The pre- and post-filtering scheme provides good performance also in practice. A scalar predictive entropy-constrained dithered quantizer (ECDQ) scheme with pre- and post-filtering has been found to be rate-distortion optimal for SG signals, except for a space-filling loss of 0.254 dB. A similar performance has also been shown for a special case by means of numerical optimization of pre- and post-filtering (and noise shaping) using a conventional quantizer without dither. The pre- and post-filtering scheme with dithered quantization also performs well when applied to practical (e.g., non-Gaussian) audio signals.

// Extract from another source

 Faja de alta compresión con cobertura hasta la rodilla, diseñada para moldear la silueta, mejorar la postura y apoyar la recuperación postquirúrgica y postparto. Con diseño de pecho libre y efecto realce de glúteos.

The good performance of pre- and post-filtered predictive coding comes at a price. For example, the filters require significant delay, particularly if the spectrum of the original signal displays spectral fine structure. A natural question is then whether at least one of the two filters can be omitted without significant loss of performance.

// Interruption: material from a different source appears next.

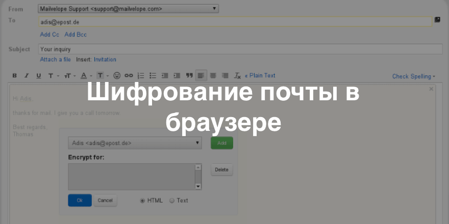 С помощью Mailvelope – расширения для браузеров Chrome и Firefox – можно шифровать электронную почту в вашем браузере, используя стандарт OpenPGP.

Embodiments and features of the present disclosure relate to improved pitch predictors for use in modeling spectral fine structure in speech/audio coders. The following description begins by deriving the general result that post-filtering is more effective than pre-filtering. This drives the conclusion that for pitch predictors, the pre-filter can be omitted to keep system delay to a minimum. Details are then provided as to the optimal pre- and post-filter configuration for the high-rate regime where no reverse waterfilling occurs. The description then presents a new practical design based on paired zeros that is aimed at the low-rate regime and can handle frequency-dependent periodicity levels. Additionally, a distortion measure is provided that allows for selecting the post-filter at the decoder. Various experiments are also outlined to show that the resulting method of the present disclosure provides significantly improved performance.

2. CODING NEARLY-PERIODIC AUDIO SIGNALS

Voiced speech often exhibits a high level of periodicity, particularly at frequencies below 1500 Hz. The periodicity can start abruptly at a voicing onset. Musical instruments can display similar behavior.

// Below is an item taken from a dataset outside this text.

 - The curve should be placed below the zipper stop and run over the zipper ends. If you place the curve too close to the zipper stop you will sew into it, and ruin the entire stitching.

A so-called long-term predictor is commonly used to model the periodic behavior in speech in source coding. The prediction filter generally has a single tap, at the pitch period (delay), P. The single tap is often generalized to facilitate fractional delay. While fractional delay is not discussed explicitly, the solutions discussed below generalize to this case.

The following section derives some results relevant for pitch post-filtering. The results described below assume SG signals. Section 3, below, derives the optimal pre- and post-filter for the conventional pitch predictor for the high-rate regime. As pitch pre- and post-filters may require significant delay, it is useful to consider the situation where only a pre- or a post-filter is used. Section 3.1 derives a general result that a post-filter is more effective than a pre-filter. This is particularly relevant for pitch prediction as the pre- and post-filters each require significant delay.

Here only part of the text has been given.